The EP was released alongside a ten minute short film that tells the story of Prima Donna in its chronological order, giving us two completely different experiences. Both of these are valuable, but the order that the EP offers makes us truly work to get the bottom of the problem that is so abruptly presented to us. That is not to say that the EP doesn’t have value if it is played in reverse: in fact, many fans and critics seem to have found a new meaning when listening to the album in this unconventional way. Likewise, Prima Donna also shares a characteristic with most great concept albums: all of the tracks perfectly stand on their own. Of course, they do lose something by being isolated from any kind of narrative context, but a strong production and Staples’ status as a sharp lyricist manages to make each track solid enough to be listened to in isolation. Since the EP already establishes a sense of cohesiveness through its story, Staples allows himself to dabble into multiple styles and genres, and it pays off. This is both a strong EP and a collection of strong individual songs, which makes Prima Donna well worth giving your time to.
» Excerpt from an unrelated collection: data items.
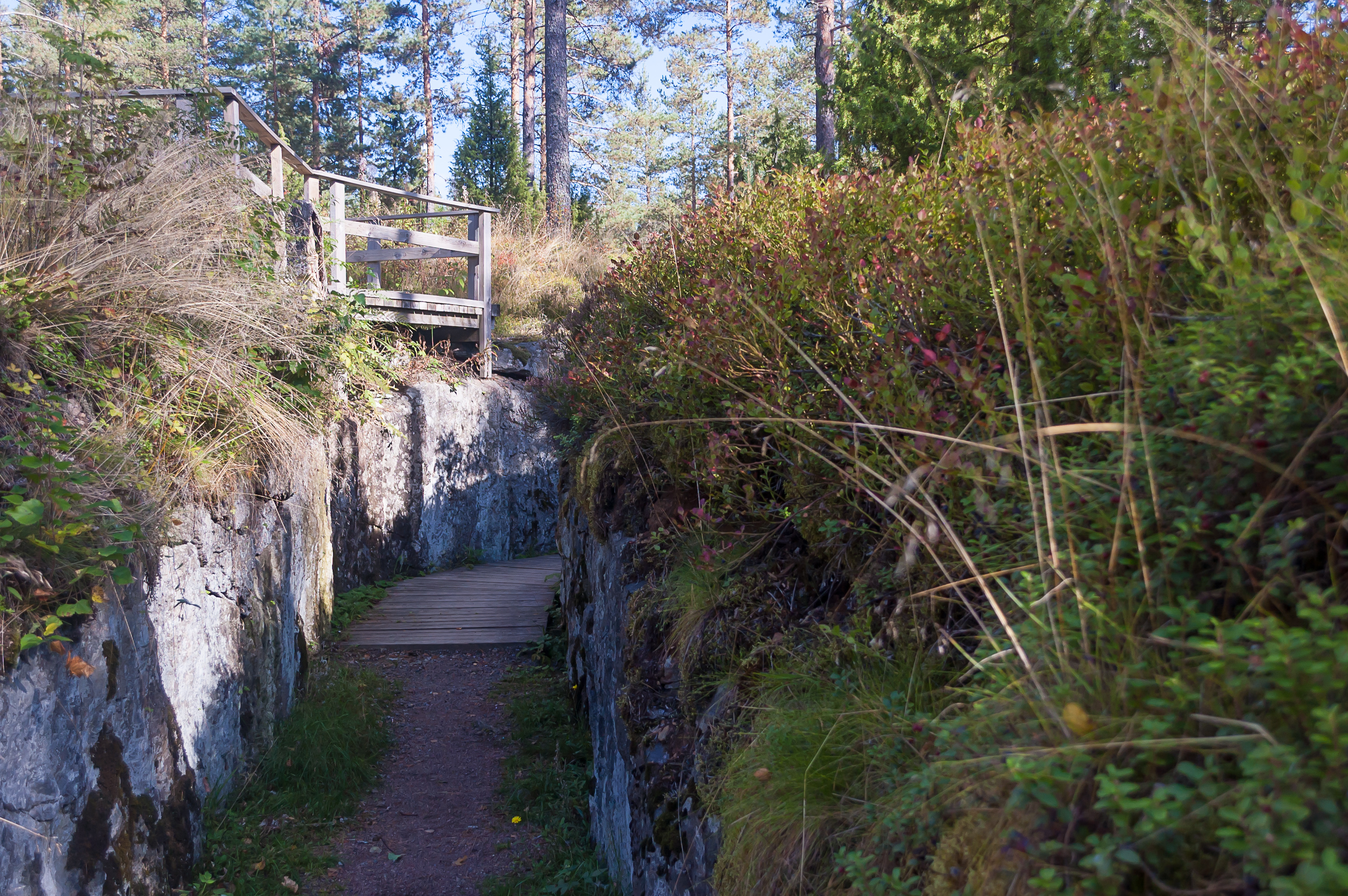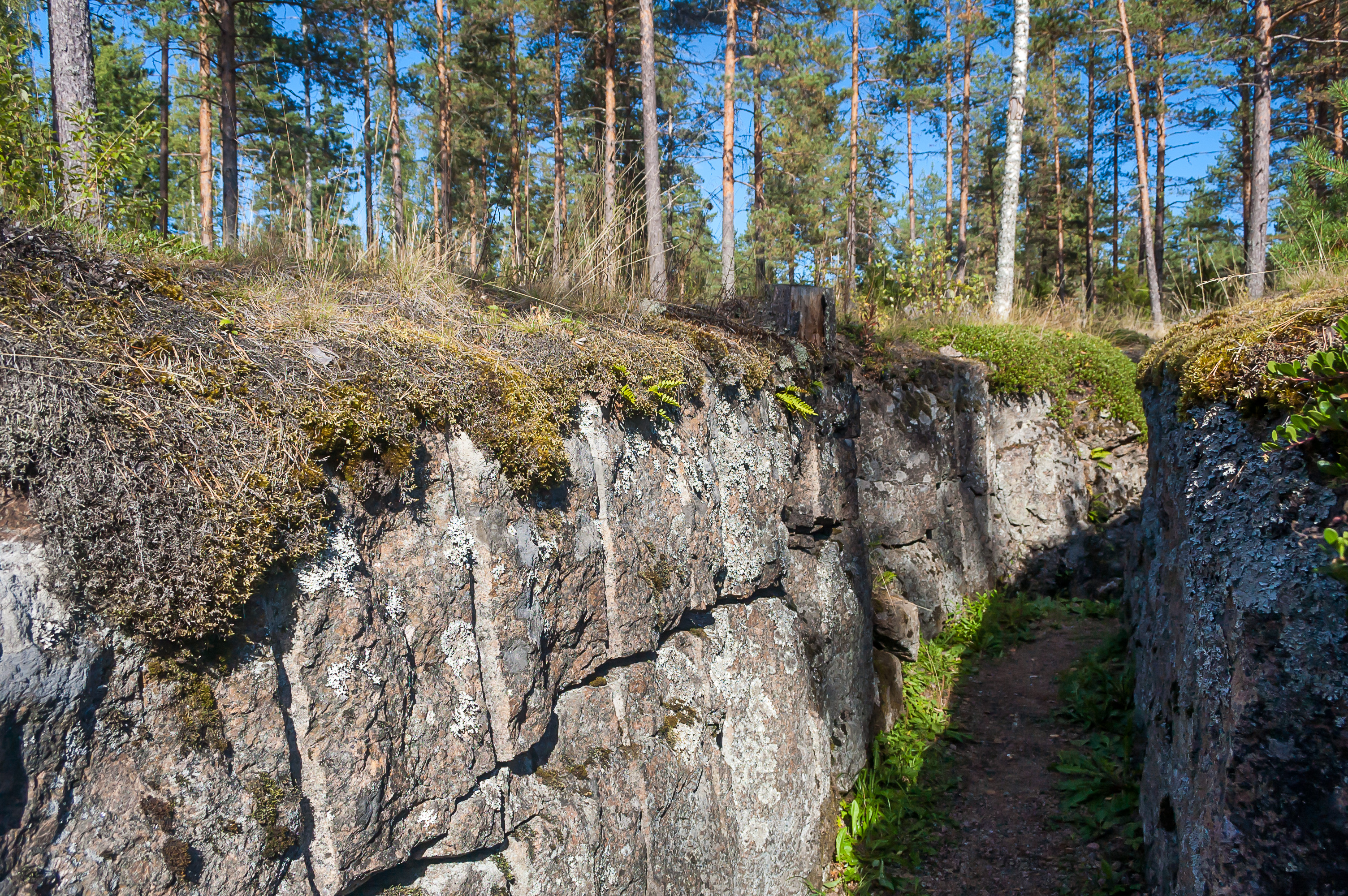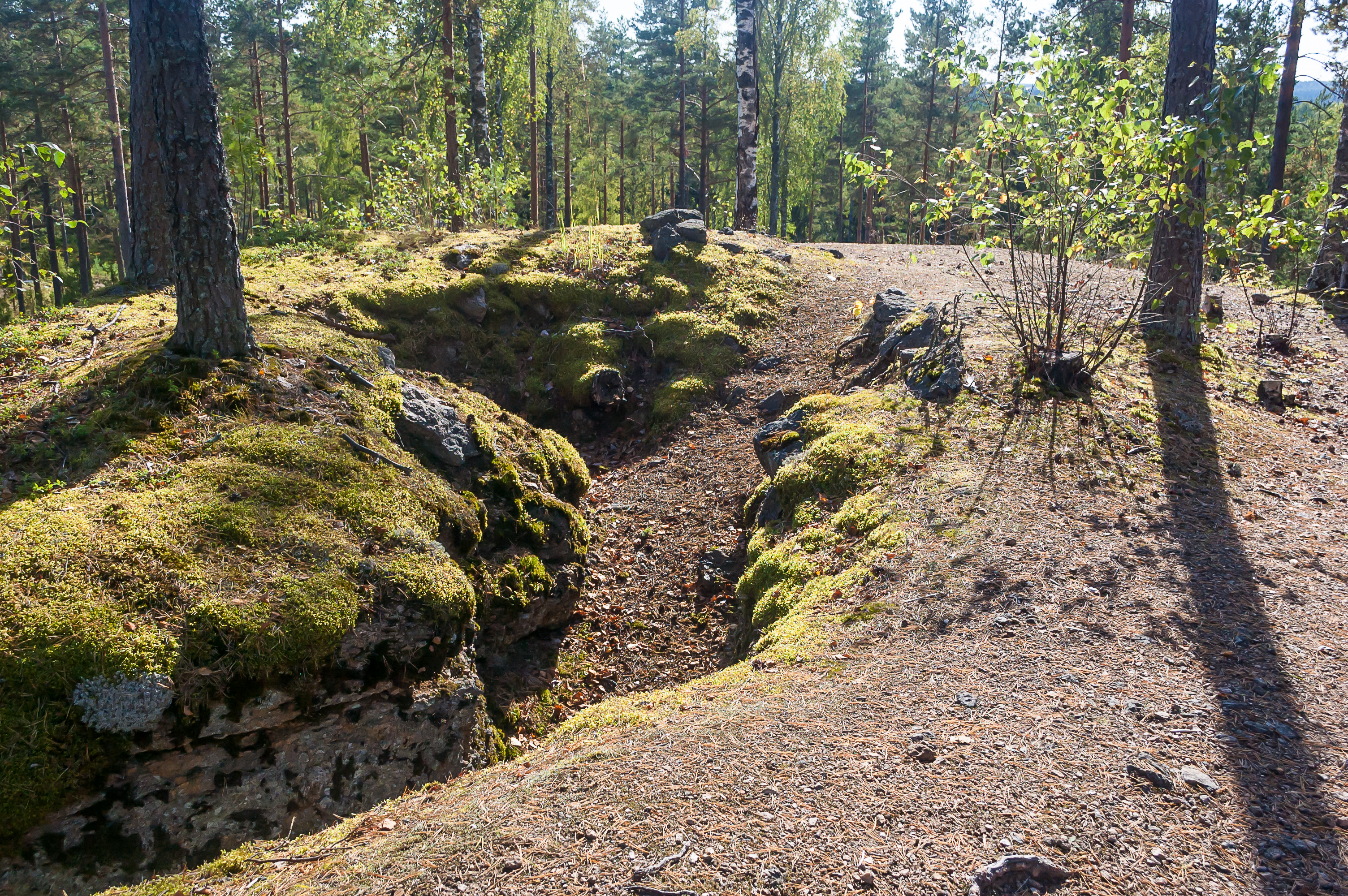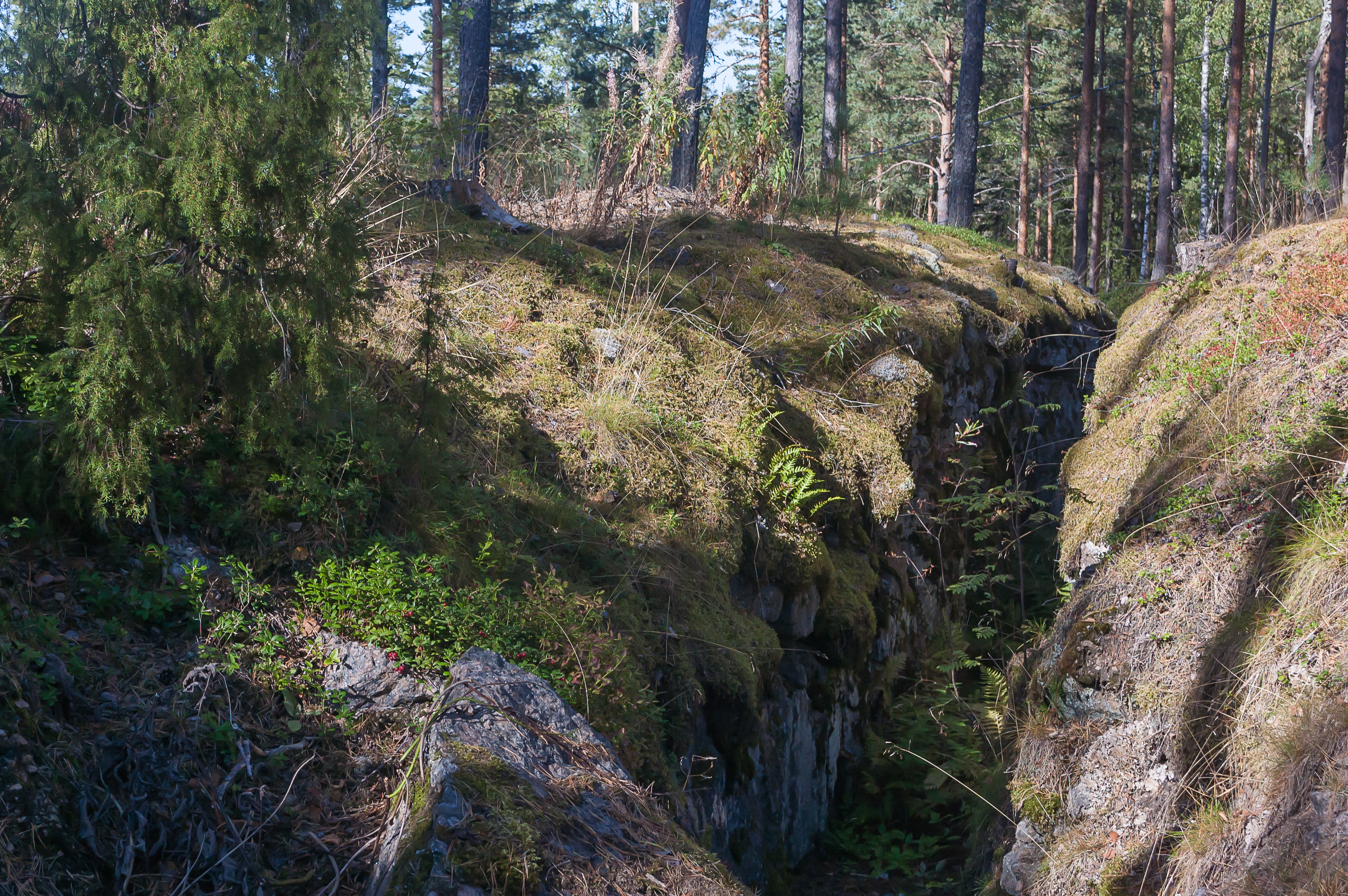 5. Траншеи в участке линии, где организован музей, образуют довольно плотную сеть. Одни из них выкопаны в земле и укреплены досками, другие попросту вырезаны в скалах, которых здесь, как и во всей Южной Финляндии, более чем достаточно.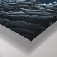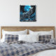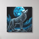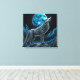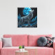 Blå och svart fantasi som skildrar en ensam varg som står på ett berg framför fullt. Ai genererade konst.
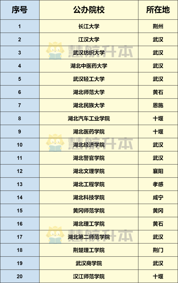 2022年,湖北专升本共有20所公办院校招生,其中8所位于省会武汉,其他12所院校,分布于其他县市。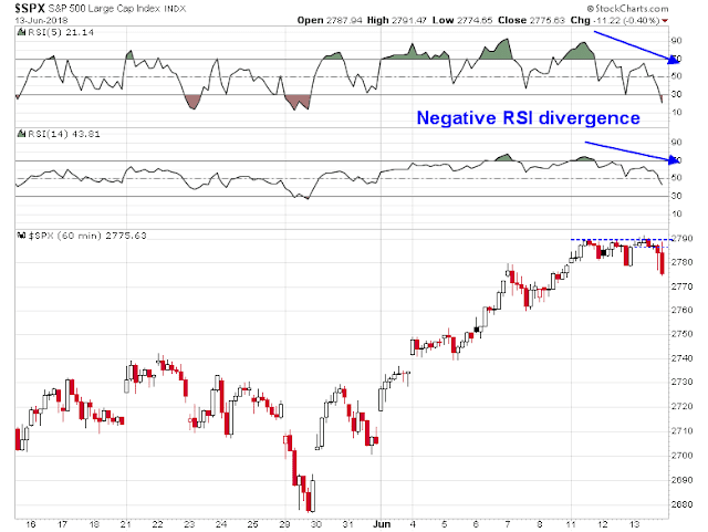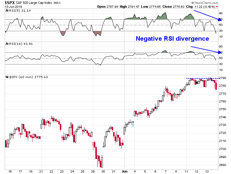 The hourly chart reveals the risks. The market is exhibiting a negative divergence even as it tested overhead resistance.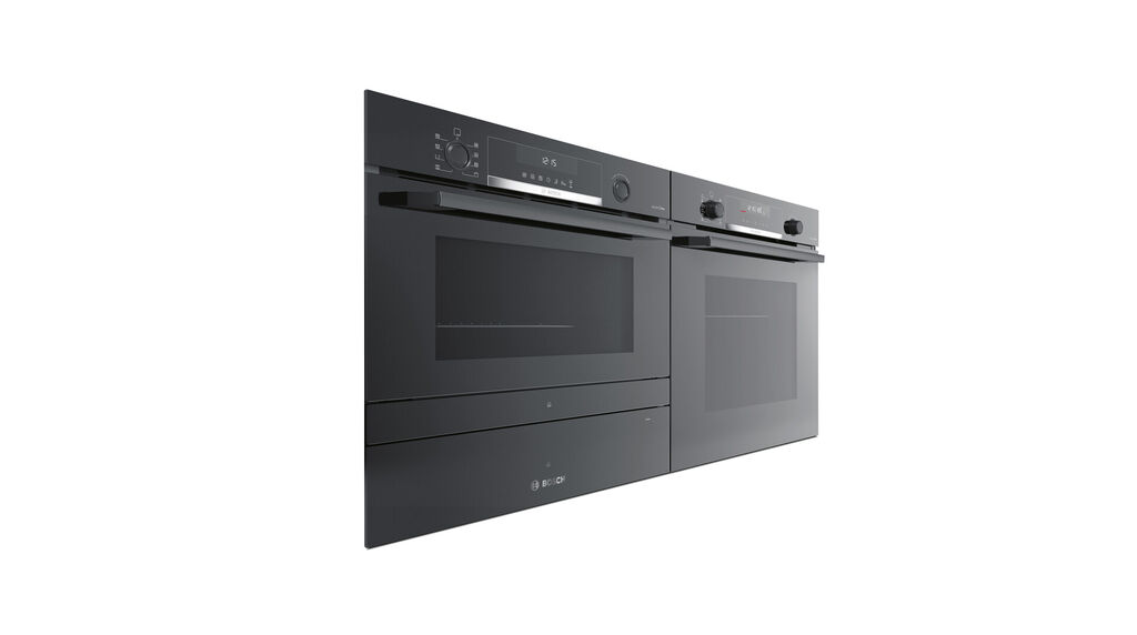 Der großflächige Einsatz von schwarzem Glas sorgt bei den Einbaubacköfen dieser Serie für ein puristisches Erscheinungsbild. Kontrastpunkte setzen allein das weiße LCD-Display sowie der Clip aus glänzendem Chrom, in den das Markenlogo eingeprägt ist. Dieser sogenannte Chrome-Clip ist Blickfang und strukturiert die Front, indem er das schmale Bedienfeld nach unten hin zur Ofentür abgrenzt.

Questions of fame, race, identity and the ways these intersect will keep haunting the rapper in his releases after the metaphorical gunshot; however, it seemed that concentrating them so intensely did have some sort of cathartic effect for him — and after repeated listenings, it is a relief to realize that it does slightly carry onto us. What used to be hopeless slowly turns into freedom, perhaps the biggest tour de force in what turned out to be an already outstanding release.